RAID 5 should be your favorite option if you have three disks, since RAID 1 would be a waste of space. If you have 4 drives this is probably still the best option, but the other two options on this list are available to you too.
RAID 6 is like RAID 5, except that the "parity disk" is mirrored. This allows your array to survive two drive failures. However, the writing performance is worse at
n - 2 and you will of course have less space.
Not much can be said about it. If you have a large number of disks (6, 8 or more), consider RAID 6 because of the extra redundancy. Only RAID 6 meets the first part of the 3-2-1 backup strategy: keep at least three copies of your data, with two backups on different media, at least one of which is in a different location. RAID 6 can survive two disk failures, making it functionally the same as RAID 1 with three disks (minus rebuild times).

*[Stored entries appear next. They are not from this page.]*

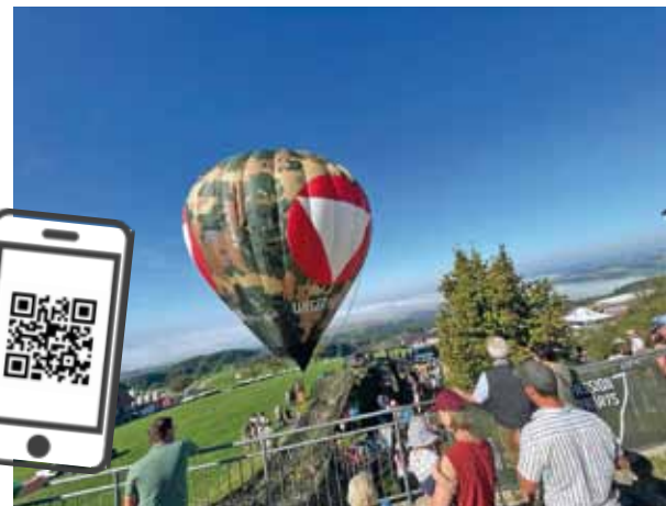
Foto: Tolle Attraktionen des Öst. Bundesheeres beim Kirtag.
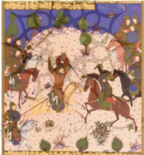
تصویر ۲: نبرد سهراب و رستم، شاهنامه بایسنقری، ۸۳۳ ه.ق. کتابخانه ملی ایران.

و سرانجام، رستم جسد پسر را در دیبای زرد پوشانده و در تابوتی تنگ و بسته گذاشته و جهانی را به زاری کور می‌کند. هرچند مرگ پسر، پدر را زار و ناتوان نموده‌است، ولی بعد از گذشت زمان رستم شکیبایی پیش می‌گیرد که هوشیار را چاره‌ای جز این نیست و هنجار دیگری جز این نمی‌شناسد:
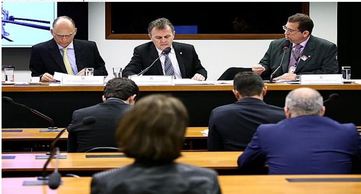
Plenário da Audiência Pública
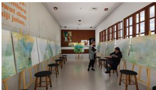
(Gambar 5. Perspektif Ruang Lukis)

Ruang keempat adalah kantor, terdiri dari ruang meeting khusus karyawan, ruang pimpinan, ruang kerja karyawan dan pantry. Untuk area kerja karyawan terdapat tiga area. Area pertama adalah set kursi dan meja yang saling berhadapan dengan rekan kerja lainnya dibuat berhadapan agar bisa mudah untuk berkomunikasi. Selain itu juga terdapat area lesehan apabila karyawan jenuh dan lelah duduk di kursi. Selain itu juga ada area bar pada sisi jendela untuk mengisi ruang kosong. Selain itu pada sisi kiri ruang kerja terdapat dinding yang di khususkan untuk menyimpan piagam dan penghargaan bagi gedung ini.
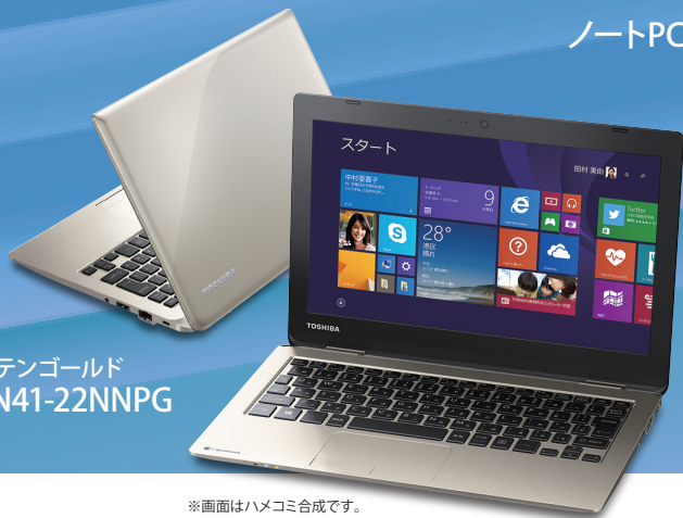
※画面はハメコみ合成です。

In practice, RAID 6 will almost never experience a total array error, especially if you add more parity disks to the equation. This, combined with backups and copies in other data centers, is the way archival services like AWS Glacier and Backblaze achieve 99.999999999% durability.
RAID 10 (1 + 0)
RAID 10 is technically a form of Nested RAID, which is also a complex whole. Basically, if you have four drives and don't want to use RAID 5 or 6, your only other options are RAID 0 and 1, both of which have their problems. Instead, split those drives in two, create two RAID 1 arrays and take those arrays and use them to create one large RAID 0 array. RAID 10 requires a minimum of four disks and also requires an even number of disks in total.

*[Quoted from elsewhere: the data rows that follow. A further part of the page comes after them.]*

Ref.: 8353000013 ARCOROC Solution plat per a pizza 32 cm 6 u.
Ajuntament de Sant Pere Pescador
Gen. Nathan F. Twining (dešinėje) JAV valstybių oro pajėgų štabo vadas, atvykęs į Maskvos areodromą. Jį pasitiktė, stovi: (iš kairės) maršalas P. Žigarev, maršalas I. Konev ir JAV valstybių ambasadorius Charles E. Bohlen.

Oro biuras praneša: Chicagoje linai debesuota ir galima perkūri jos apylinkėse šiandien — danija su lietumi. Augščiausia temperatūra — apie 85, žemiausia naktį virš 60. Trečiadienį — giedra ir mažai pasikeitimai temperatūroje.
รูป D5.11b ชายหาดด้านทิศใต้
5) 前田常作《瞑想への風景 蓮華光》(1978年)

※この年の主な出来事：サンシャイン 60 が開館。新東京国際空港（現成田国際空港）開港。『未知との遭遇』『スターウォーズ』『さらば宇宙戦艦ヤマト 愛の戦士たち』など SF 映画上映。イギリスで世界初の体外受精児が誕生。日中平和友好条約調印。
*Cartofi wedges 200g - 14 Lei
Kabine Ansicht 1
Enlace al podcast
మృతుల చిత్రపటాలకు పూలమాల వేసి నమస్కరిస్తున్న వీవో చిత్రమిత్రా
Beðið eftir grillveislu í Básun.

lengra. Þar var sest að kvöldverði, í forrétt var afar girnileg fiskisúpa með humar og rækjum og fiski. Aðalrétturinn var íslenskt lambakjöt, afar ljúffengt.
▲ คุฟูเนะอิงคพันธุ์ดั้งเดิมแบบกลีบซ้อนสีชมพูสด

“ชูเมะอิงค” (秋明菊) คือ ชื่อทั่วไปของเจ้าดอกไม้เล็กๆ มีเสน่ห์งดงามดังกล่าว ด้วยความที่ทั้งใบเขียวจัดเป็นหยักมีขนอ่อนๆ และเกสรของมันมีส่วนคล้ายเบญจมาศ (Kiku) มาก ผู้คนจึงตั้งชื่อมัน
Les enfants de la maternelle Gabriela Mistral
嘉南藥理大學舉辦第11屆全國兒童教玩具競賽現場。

This gives you all the benefits of RAID 1 and RAID 0 without many drawbacks – fast readable speeds, fast write speeds, high redundancy and easy rebuild, while still being able to save half the total space of all your drives use. RAID 10 is actually more resilient than RAID 1. In the above diagram, disk 1 and disk 3 can fail and the array can still be completely rebuilt (although if both disk 0 and disk 1 fail, that array is irreparable)
RAID 10 is a common RAID level for servers. It is very fast and can survive at least one disk failure. The only real issue is the price as you still pay double to keep copies of all your data, but for general workloads RAID 10 beats almost any other RAID configuration for speed and only loses for RAID 0 for throughput.  RAID 50/60
RAID 50/60 is basically two RAID 5 or 6 arrays in RAID 0. This improves performance, just like RAID 10, the main improvement being the writing performance, since reading the other disks when calculating the parity is faster.
It requires at least six disks (eight in the case of RAID 60), and since there are separate RAID 5 arrays, you need additional parity drives, making it less space-saving, but slightly more resilient. Overall, RAID 50 is in fact a more performant version of RAID 5.